Published 23 Dec 2023 in stat.ME | (2312.15222v3)

Abstract: Practical employment of Bayesian trial designs is still rare. Even if accepted in principle, the regulators have commonly required that such designs be calibrated according to an upper bound for the frequentist type I error rate. This represents an internally inconsistent hybrid methodology, where important advantages from following the Bayesian principles are lost. In particular, all preplanned interim looks have an inflating multiplicity effect on type I error rate. To present an alternative approach, we consider the prototype case of a 2-arm superiority trial with dichotomous outcomes. The design is adaptive, using error control based on sequentially updated posterior probabilities, to conclude efficacy of the experimental treatment or futility of the trial. As gatekeepers for a proposed design, the regulators have the main responsibility in determining the parameters of the control of false positives, whereas the trial sponsors and investigators will have a natural role in specifying the criteria for stopping the trial due to futility.
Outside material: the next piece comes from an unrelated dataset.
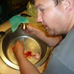 Helmar verrutscht sogar das Geweih vor lauter Essen ;-)
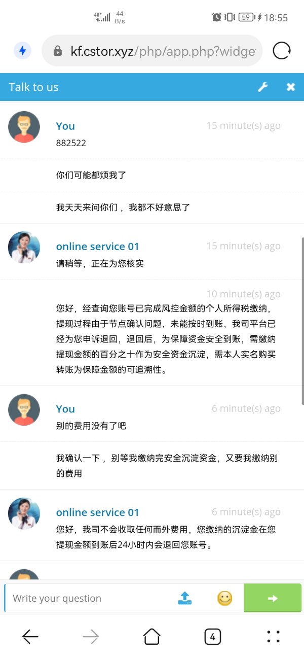 Tôi không thể nhận được tiền để rút và chuyển. Và sau khi nộp thuế thu nhập cá nhân, bộ phận chăm sóc khách hàng nói rằng sẽ nhận được tài khoản trong ba ngày, và để tôi thanh toán 10% số tiền gửi an toàn.

It is suggested that the traditional frequentist operating characteristics in the design, type I and type II error rates, be replaced, respectively, by Bayesian criteria called False Discovery Probability (FDP) and False Futility Probability (FFP), both terms corresponding directly to their probability interpretations. Importantly, the sequential error control during the data analysis based on posterior probabilities will satisfy these numerical criteria automatically, without need of preliminary computations before the trial is started. The method contains the option of applying a decision rule for terminating the trial early if the predicted costs from continuing would exceed the corresponding gains.